2 Elastic Moduli in Transversely Isotropic Material

The elastic properties of a medium are represented by its elastic stiffness tensor, \({c_{ijkl}}\). In the linear elasticity, this stiffness tensor relates the components of stress tensor (\({\sigma _{ij}}\)) and strain tensor (\({\varepsilon _{kl}}\)). The relevant relations are given according to the generalized Hooke’s law as

$$\begin{aligned} {\sigma _{ij}} = {{c_{ijkl}}{\varepsilon _{kl}}}, \qquad (i,j = 1,2,3)\,. \end{aligned}$$

(1)

The stiffness tensor obey the symmetry relations \({c_{ijkl}} = {c_{jikl}} = {c_{ijlk}} = {c_{klij}};~(i,j,k,l = 1,2,3)\). Consequently, the number of independent components in this tensor reduce to 21, which are arranged in \(6\times 6\) symmetric matrix \(\{C_{IJ}\},~(I,J=1,2...,6)\). The Kronecker tensor (\(\delta _{ij}\)) is used to relate the two set of indices as \(I=i\delta _{ij}+(9-i-j)(1-\delta _{ij}),~ J=k\delta _{kl}+(9-k-l)(1-\delta _{kl});~(i,j,k,l=1,2,3).\)

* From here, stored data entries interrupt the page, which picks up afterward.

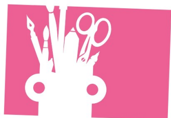
ILLUSTRATORS EXHIBITION 2024

Innanzitutto la Mostra Illustratori , tra le iniziative più longeve e di successo della fiera, nata nel 1967 come vetrina per scoprire e dare risalto ogni anno al meglio dell'illustrazione mondiale. La mostra ha accompagnato nei decenni l'evoluzione del mondo del libro per ragazzi, seguendone e individuandone le dinamiche creative. Sono stati 3520 gli illustratori candidati per la Mostra Illustratori 2024, per un totale di 17.600 tavole inviate da 81 Paesi e regioni del mondo.
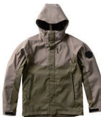
ストーンベージュ/オリーブ(SL)
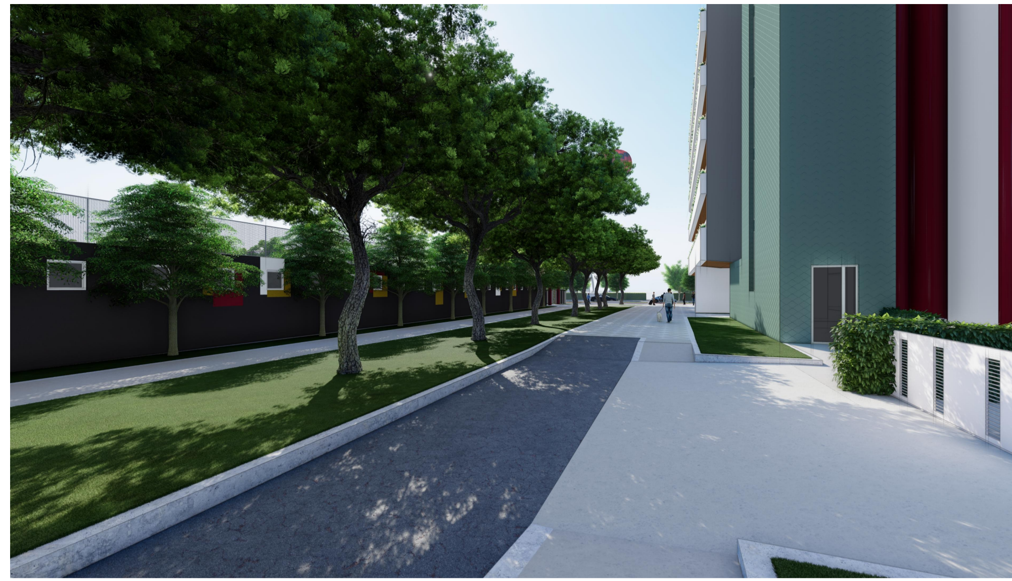
V11 - VISTA DA VIALE BERNINI VERSO VIA TORINO
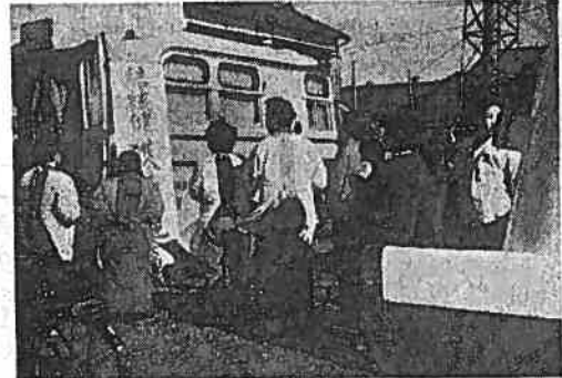
結核健康診断をうけるひとたち

四月から開校する市立商業高校の南校舎は、三月末にほぼ完成しました。校舎は、運動場の南側にあり、面積は約一万平米です。 ◆校舎の概要 南校舎は、二階建ての鉄骨コンクリート造りで、面積は約一万平米です。校舎内には、教室、実習室、図書室などが設けられています。
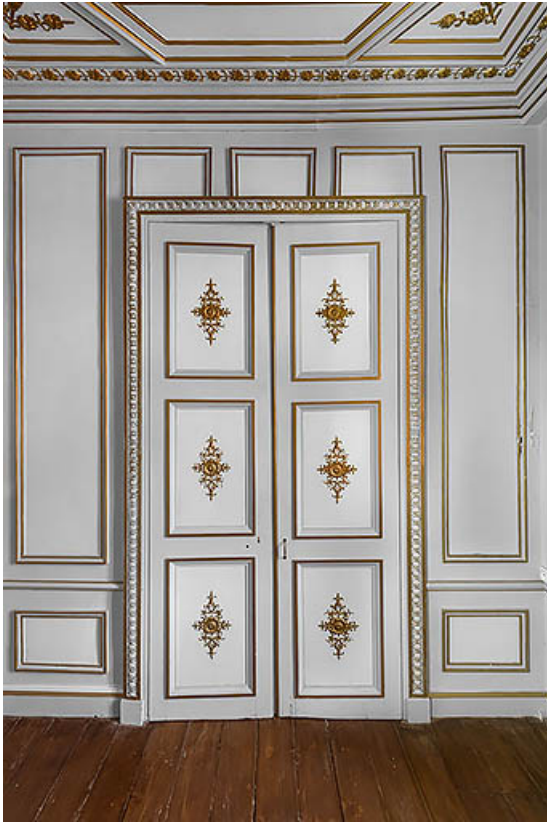
Bureau à l'étage : porte du palais des Tuileries, à Paris.
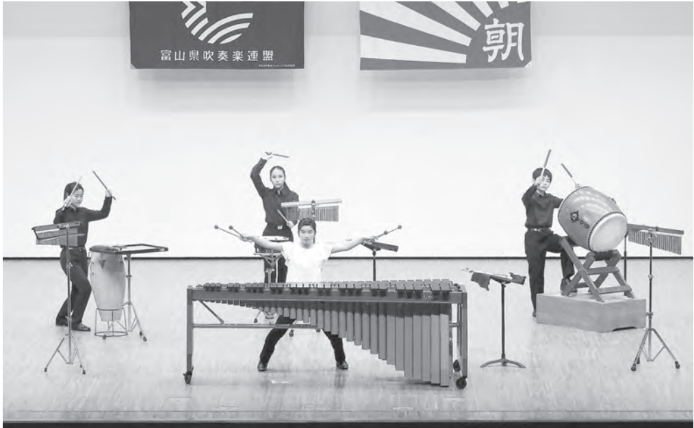
中学校の部 入善町立入善西中学校 打楽器四重奏 【北陸：銀賞】
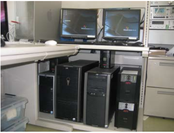
和歌山NTCのパソコンスペースの概要
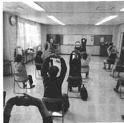
金城コミセンで開催
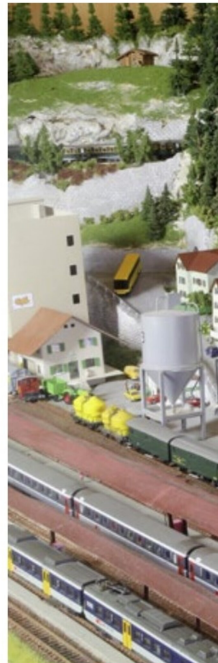
Viel Betrieb auf Schienen, Strassen (und Gewässern).
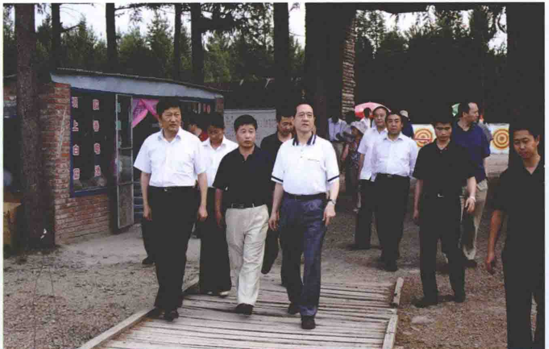
2007年7月2日，全国人大常委会副委员长韩启德来围场视察。
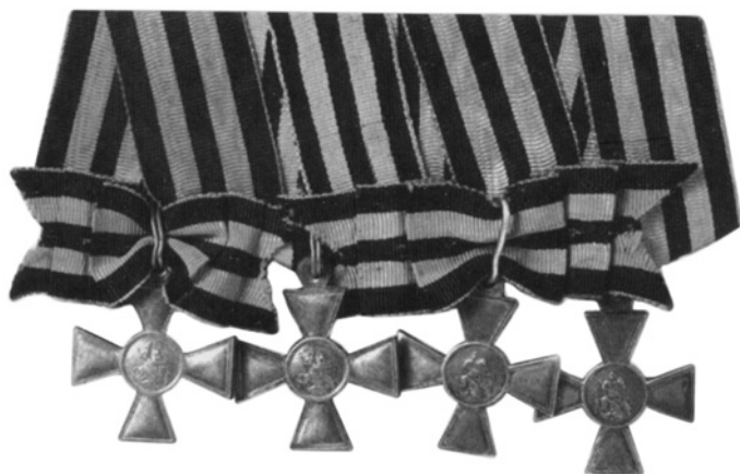
Георгиевские кресты (полный бант).
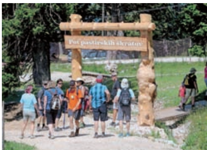
Mogočni vhod na Pot pastirskih škratov
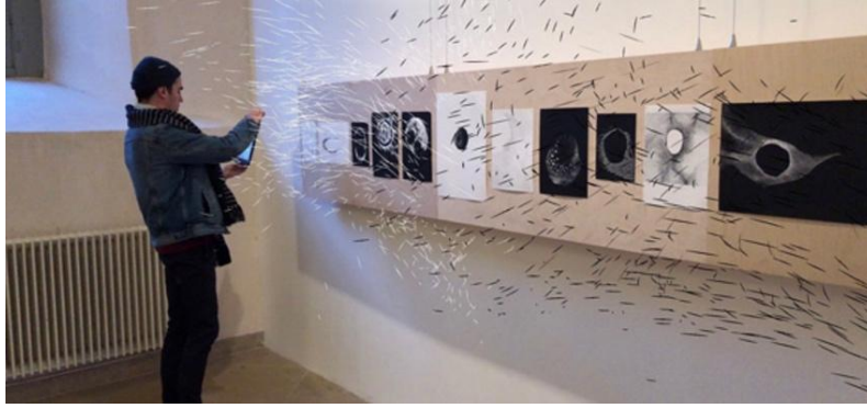
الشكل رقم (٧)

وعرض فيه أعمال الفنانين: كلير بارداين وأدريان موندوت – سلسلة صمت الحجارة، تناول المعرض عدة أعمال بصرية رقمية، تمنح الشعور بالتكنولوجيا والتفاعل مع الجمهور وعرضها بتقنية الواقع المعزز شكل (٧).
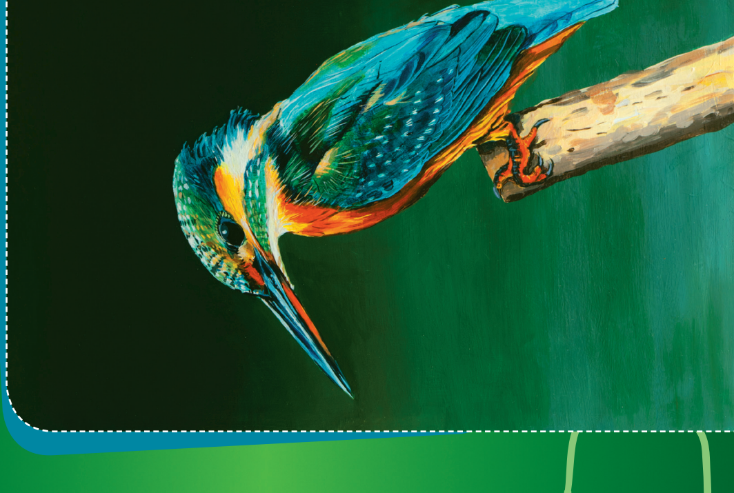
Ledňáček říční Alcedo atthis
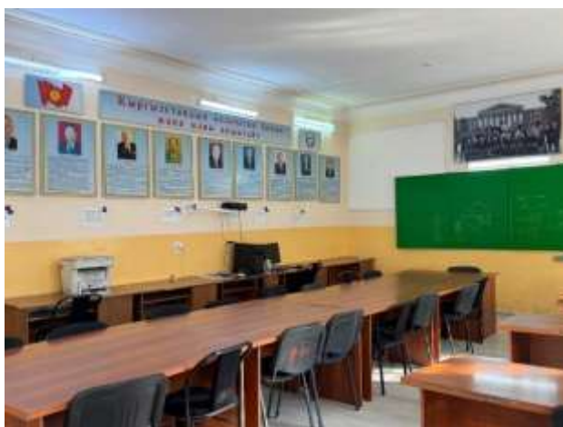
Мультимедиялык лекциялык каана (209-ауд)

In an anisotropic medium, there are 21 independent elastic constants. A transversely isotropic (TI) medium has only 5 independent elastic constants. The constitutive relations for a transversely isotropic elastic material, with axis of symmetry lying along vertical z axis are written as Lubarda [7]

$$\begin{aligned} \left\{ {\begin{array}{*{20}{c}} {{\sigma _{xx}}} \\ {{\sigma _{yy}}} \\ {{\sigma _{zz}}} \\ {{\sigma _{yz}}} \\ {{\sigma _{zx}}} \\ {{\sigma _{xy}}} \end{array}} \right\} = \left[ {\begin{array}{*{20}{c}} {{C_{11}}}&{}{{C_{12}}}&{}{{C_{13}}}&{}{{0}}&{}{{0}}&{}{{0}} \\ {{C_{12}}}&{}{{C_{11}}}&{}{{C_{13}}}&{}{{0}}&{}{{0}}&{}{{0}} \\ {{C_{13}}}&{}{{C_{13}}}&{}{{C_{33}}}&{}0&{}0&{}0 \\ 0&{}0&{}0&{}{{C_{44}}}&{}0&{}0 \\ 0&{}0&{}0&{}0&{}{{C_{44}}}&{}0 \\ 0&{}0&{}0&{}0&{}0&{}{{C_{66}}} \end{array}} \right] \left\{ {\begin{array}{*{20}{c}} {{\varepsilon _{xx}}} \\ {{\varepsilon _{yy}}} \\ {{\varepsilon _{zz}}} \\ {2{\varepsilon _{yz}}} \\ {2{\varepsilon _{zx}}} \\ {2{\varepsilon _{xy}}} \end{array}} \right\} \end{aligned}$$

(2)

where \(C_{66}=\frac{1}{2}(C_{11}-C_{12})\) and \(C_{IJ}\) is as defined above.

For two dimensional transversely isotropic elastic solid in x-z plane with symmetry axis lying along the vertical z axis, elastic stiffness matrix \(\textbf{C}\) can be written as

$$\begin{aligned} \textbf{C} = \left( {\begin{array}{*{20}{c}} C_{11}&{}C_{13} &{}0 \\ C_{13} &{}C_{33}&{}0 \\ 0&{}0&{}C_{44} \end{array}} \right) \,. \end{aligned}$$

(3)

In two dimensional case, number of independent elastic constants reduces to 4.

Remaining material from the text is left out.